Diffusion Pharmaceuticals Inc. announced that after collaboration with the United States Food and Drug Administration (“FDA”) on the design of their Phase 2 clinical trial entitled “Open-Label, Dose-Escalation, Phase 2 Safety and Efficacy Study of TSC in Newly Diagnosed Glioblastoma (“GBM”) Patients when Administered with Standard of Care (“SOC”)”. The trial will be designated Study 200-208. The Company expects to initiate the trial by the end of 2022 and anticipates dosing the first patient in the trial in the first quarter of 2023.

GBM is an aggressive, deadly, and treatment-resistant type of malignant brain tumor, affecting approximately 13,000 newly diagnosed patients each year in the United States. Few treatment options are available for patients with GBM, and none have extended life expectancy beyond a few months. In fact, according to the National Brain Tumor Society, the five-year survival rate for GBM is only 6.8% with an average survival time of eight months.

The study will include a dose-escalation phase, enrolling patients in a 3+3+3 design, to evaluate the safety, tolerability, pharmacokinetics, and pharmacodynamics of TSC at doses of 1.5 mg/kg, 2.0 mg/kg and 2.5 mg/kg administered in combination with concomitant standard of care radiotherapy (“RT”) plus temozolomide. An additional 17 subjects will be treated at the higher tolerable dose identified in the dose escalation phase. The primary objective of the study is to evaluate the safety and tolerability of TSC for the treatment of patients with newly diagnosed GBM when administered with SOC.
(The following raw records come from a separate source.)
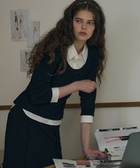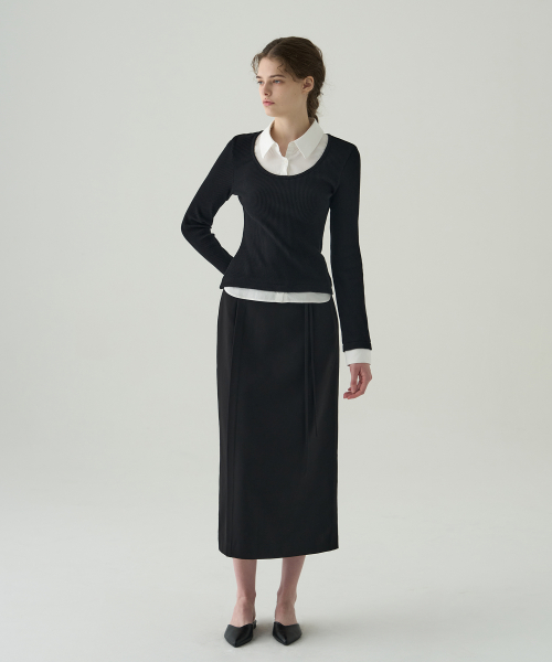포엠 레이어드 카라 셔츠 탑 [BLACK]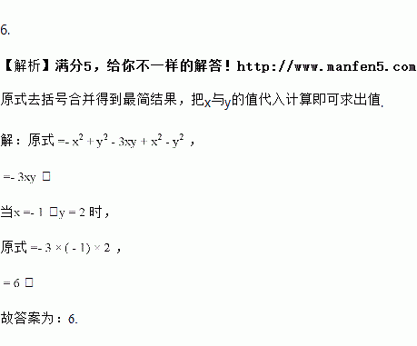 先化简再求值:﹣(x2﹣y2)﹣[3xy﹣(x2﹣y2)],其中x=﹣1,y=2.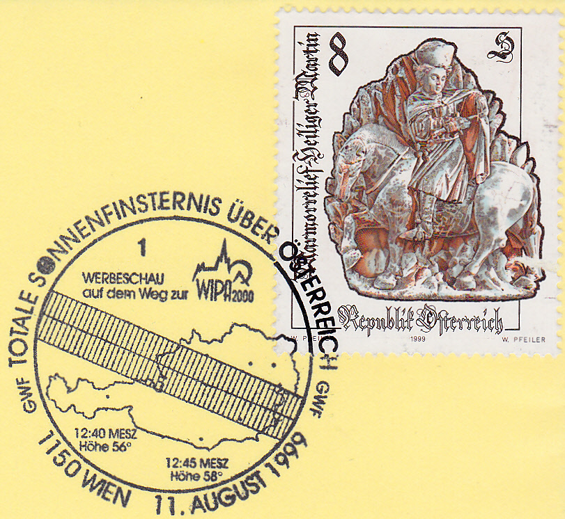 Dieser Sonderstempel vom 11.8.1999 aus Kirchberg mit der Kennziffer "1" zeigt im Stempelbild eine Skizze zum Thema "Entstehung einer Sonnenfinsternis", wie es uns allen aus den Physikbüchern bekannt sein sollte.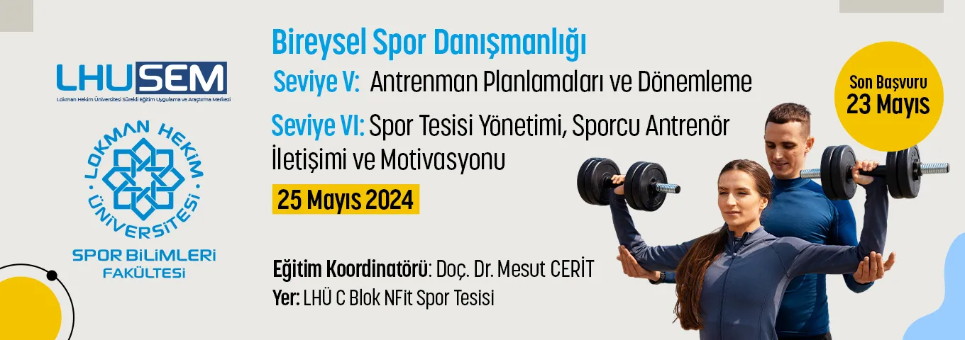 Lokman Hekim Üniversitesi Sürekli Eğitim Merkezi (LHUSEM) ve Spor Bilimleri Fakültesi iş birliği ile 16 Aralık 2023- 9 Haziran 2024 tarihleri arasında yüz yüze Bireysel Spor Danışmanlığı, Genetik ve Atletik Performans Gelişimi Eğitim Programları gerçekleştirilecektir.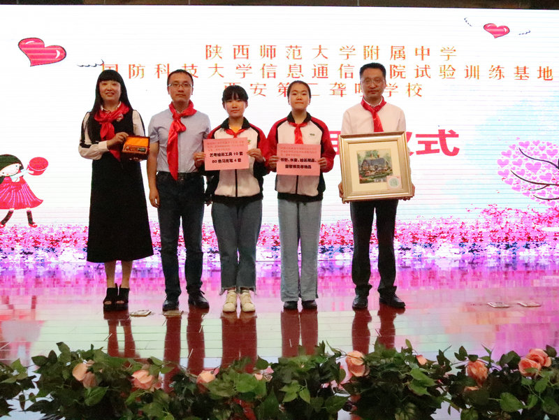 接着,党委书记陈勇刚及政教处主任权小红以及初一年级组长王芳老师为我校前期举办的初2021届 “平语近人,学习习总书记用典”主题手抄报及数学学科活动中获奖的学生颁奖,同时为我校初2021届的22位优秀同学发放了我校军民共建单位——国防科技大学信息通信学院试验训练基地提供的爱心奖助学金。陈勇刚书记为西安第二聋哑学校师生代表发放了由国防科技大学信息通信学院试验训练基地以及我校爱心团队捐助的爱心物品,随后,主持人邀请全场观众观看视频,大家共同回顾了我校爱心团队六年以来的义卖捐助活动,西安第二聋哑学校团委书记杨亮致感谢词。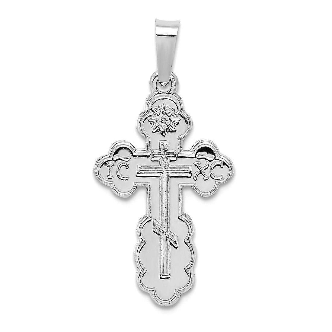 14k White Gold Polished Eastern Orthodox Solid Religious Faith Cross Pendant Necklace 25.9x12.85mm Wide 0.7mm Thick-Pend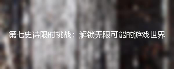 以上就是为大家带来的《第七史诗限时挑战:解锁无限可能的游戏世界》。无论你是一名游戏爱好者还是想要挑战自我,这个限时挑战都将为你带来难忘的游戏体验。快来参与这场挑战,探索一个全新的游戏世界吧!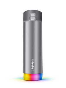 HidrateSpark STEELはステンレススチール製の真空断熱チャグボトル。飲み物を最長24時間保冷します。LEDスマートセンサーパックが飲むべきタイミングを光って知らせ、Bluetooth経由でHidrateSparkアプリと同期して水分摂取量を記録します。チャグキャップとストローキャップが付属しています。

Secondary objectives of the study are to evaluate progression-free survival at six months by magnetic resonance imaging, assessment using Response Assessment in Neuro-Oncology criteria, and to evaluate overall survival at 12 months. Study 200-208 will vary in a variety of ways from the GBM trials conducted by Diffusion in the past, including three particularly notable differentiators: The 1.5 mg/kg to 2.5 mg/kg doses of TSC to be administered in the study will be 6-10-fold higher than the 0.25 mg/kg dose used in Diffusion's prior GBM trials. TSC will be administered five days each week approximately 30-60 minutes prior to radiotherapy, as compared to the three days per week regimen in Diffusion's prior GBM trials.

The study trial will incorporate PET scans to directly evaluate the oxygen enhancing effects of TSC on tumor hypoxia using one of two radiotracers, 18F-FMISO or 18F-FAZA, with initial data readouts expected to be available within one year of the study's initiation.